Councils seeking to carry out ‘child in need’ assessments must get parental consent first, and must also explain to families that such assessments are not mandatory, the Local Government and Social Care Ombudsman (the Ombudsman) has confirmed.

Crucially, the Ombudsman also made it clear that heavy case loads are never an excuse for poor practice in child welfare cases.

The complaint which gave rise to the Ombudsman’s investigation involved a mother (Ms J) who had sought out counselling services, but was later threatened with a safeguarding investigation by the council.

The counsellor the mother was seeing suggested she contact her local authority to see if she could access the counselling through them, so the council could pay for the service.

The mother felt coerced into accepting the suggestion by the counsellor, who subsequently referred the mother to Hackney Borough council on the grounds that she suspected one of the children was at risk of harm from the mother and requested the council engage with the family.

The request was made in a referral letter which was not shared with the mother, so she did not know the content of the letter at the time.

After Hackney Council received the referral letter, it decided to carry out an assessment on the family. The mother asked for a copy of the letter on two occasions, but it was not sent to her.

When the mother finally received the letter, she was concerned by its contents, which she said were incorrect.

At no time was the mother told that the assessment, which had been carried out under Section 17 of the Children Act 1989, was not mandatory.

Under Section 17, councils have a legal responsibility to safeguard and promote a child’s welfare, and to promote wherever possible their upbringing by their families. 

The mother then discovered that the assessment required her consent and was not mandatory, when the council sent her a letter intended for another family facing the same investigation.

To make matters worse, the mother said she was told she should press ahead with the assessment in order to “clear her name” and get closure. Feeling enormous pressure to continue on, she agreed.

The manager claimed he did not say this, but the Ombudsman took the view that he did, concluding that “on the balance of probabilities, however, given her strength of feeling Ms J would not have wanted to continue unless she felt the assessment would exonerate her.”

What follows next is even more appalling.

An officer came to the mother’s house to interview her son, and wrongly assumed the child was 6, instead of 4 which was the child’s actual age. He then asked the mother why her child was still in pull-up pants at night even though this would not have been unusual given his age. The officer also appears to have misunderstood the child, who had divulged information about an assault at school. The mother said her child was visibly shaken after speaking with the officer. Once a second meeting had taken place, the officer said there would not be a safeguarding investigation, and left.

The ombudsman found several failures by the council in this case.

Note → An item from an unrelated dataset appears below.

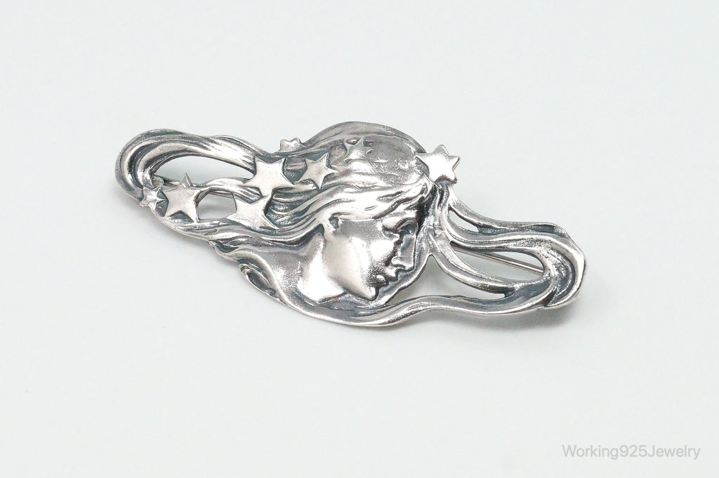 Vintage Designer BOMA Goddess Sterling Silver Brooch Pin
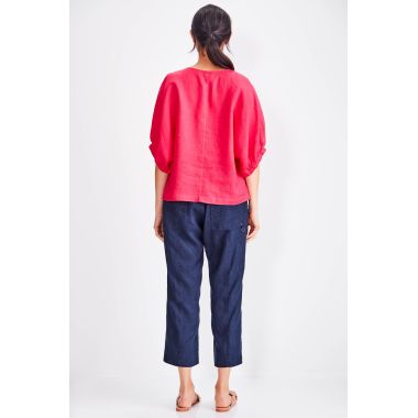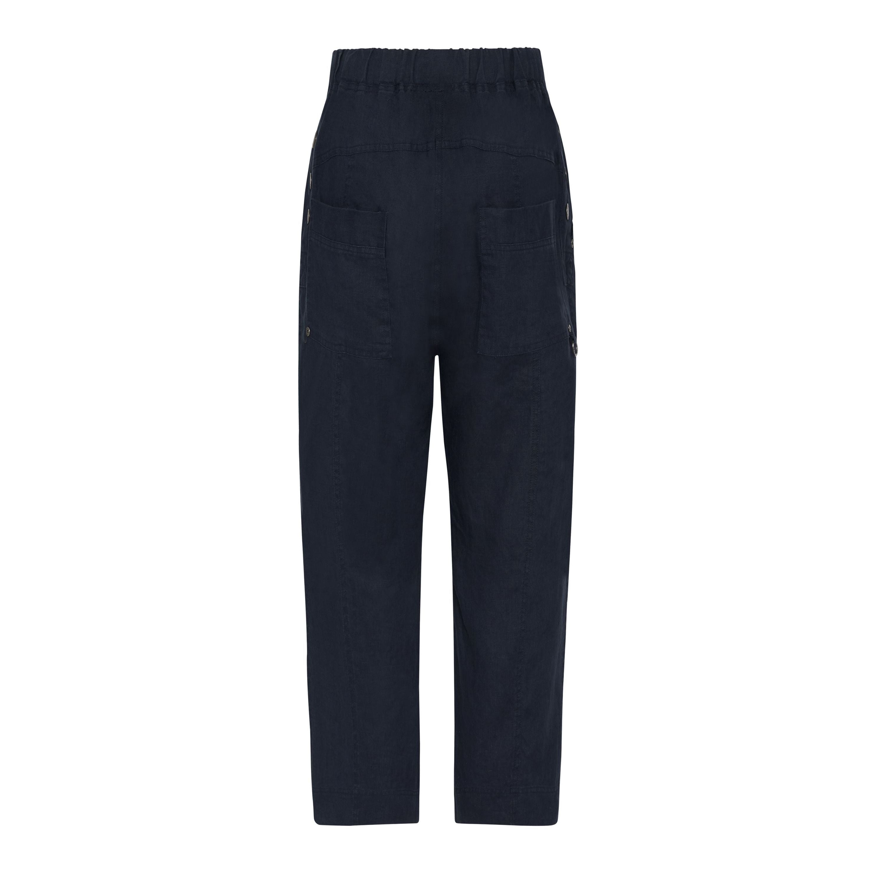 100% Linen straight leg capri featuring panel detail through the leg, side pockets, soft elasticated back waist and front ties. Signature Verge hardware detail on pockets. The Flipside capri falls to lower calf.

  • The council was wrong to tell the mother the assessment under Section 17 was mandatory – the mother was never required to comply, rather she needed to give consent. If the mother did not want to give consent, the investigation should  not have been carried out.
  • The council was wrong to tell the mother that doing the assessment would “clear her name” – she should have been told that refusing to continue with the assessment would not lead to any further action.
  • The council should have made sure that its details about the child were accurate before sending out an officer – knowing a child’s age is fundamental. The council blamed a high case load for the error, but the Ombudsman did not accept that as an excuse, saying, “Officers should conduct their work to a high standard irrespective of their caseloads.”
  • The officer should have made sure she understood fully what the child had said before leaving the house.
  • The council should have asked the mother to return the copies of the letter she received in error and investigated the data breach (sending the mother a letter intended for another family) when the mother complained about the incident.

The Ombudsman ordered the Council to do several things, including:

  • Changing its procedures so it ensures parents are asked for consent, where appropriate, prior to assessments. 
  • Ensuring that social workers ask for appropriate information about a family prior to scheduling an assessment.
  • Being clear about what the council will provide after information is requested about a referral and periodically quality manage the response.
  •  Considering whether the information the council provides for Stage One complaint responses is sufficient.

The mother was awarded £450 for her trouble, and offered an apology by the council.

The Working Together To Safeguard Children document, which councils must engage when dealing with child welfare cases says the following, which is worth highlighting:

“All practitioners should aim to gain consent to share information, but should be mindful of situations where to do so would place a child at increased risk of harm. Information may be shared without consent if a practitioner has reason to believe that there is good reason to do so, and that the sharing of information will enhance the safeguarding of a child in a timely manner. When decisions are made to share or withhold information, practitioners should record who has been given the information and why… When you gain consent to share information, it must be explicit, and freely given.”